Thursday, September 30, 2010

Different

I was swimming in my neighbor's charming above-ground pool which I coveted at the time. I was probably 10 or 11 and didn't know any better that it was tacky and gross. All I remember was that it was totally fun and I wanted one in our yard (my mom made sure that never happened, much to her credit).  The next door neighbor kids who I liked to play baseball with, a sister and brother, both of whom were sweet, nice and younger than me, told me their cousin was visiting and to come over for a swim. So I asked my mom, she said yes and I leapt headlong into my navy blue one-piece and ran over, my sneakers flopping off my heels because I was in too much of a rush to tie the laces.
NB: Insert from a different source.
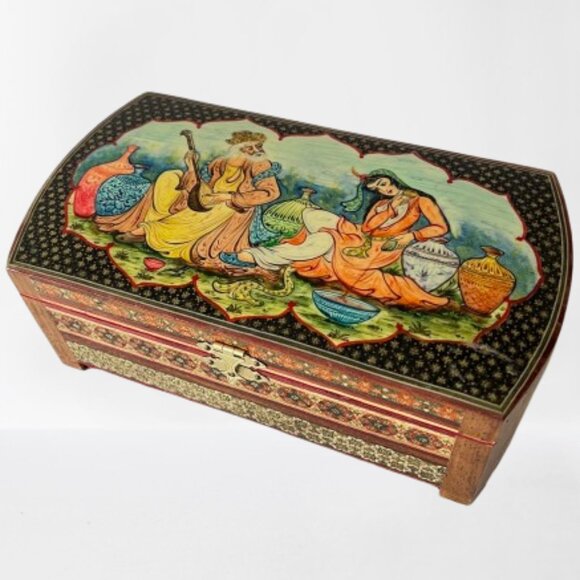 This Khatam Wood Marquetry box features a beautiful painting on the lid, making it a unique piece of art. It can be used by itself as a piece of art and is also a good size for storing jewelry and other items. The interior and underside are lined with red velvet-like fabric. The box is rectangular with rounded ends.

I don't remember a lot about the cousin other than that she was closer to my age than my friends, my neighbors. She eyed me warily as I jumped in, feet first, holding my nose (something I still do, never once trying or even attempting to learn how to dive). I remember feeling happy and exhilarated and excited to talk to someone new and my age - finally. My cousins were much older than me, like my siblings were, so this was a novelty and didn't happen every day on Ridge Street.

I must have sensed something, my fight-or-flight kicking in, my bully-meter already on high alert and I didn't even know it. I joked with my friends, we laughed, we tossed a beach ball like we always did and then She caught it, moved it to the side of her body and looked at me. I caught the look out of the corner of my eye and waited for something to happen. She made me feel it was coming and she, and I, were right.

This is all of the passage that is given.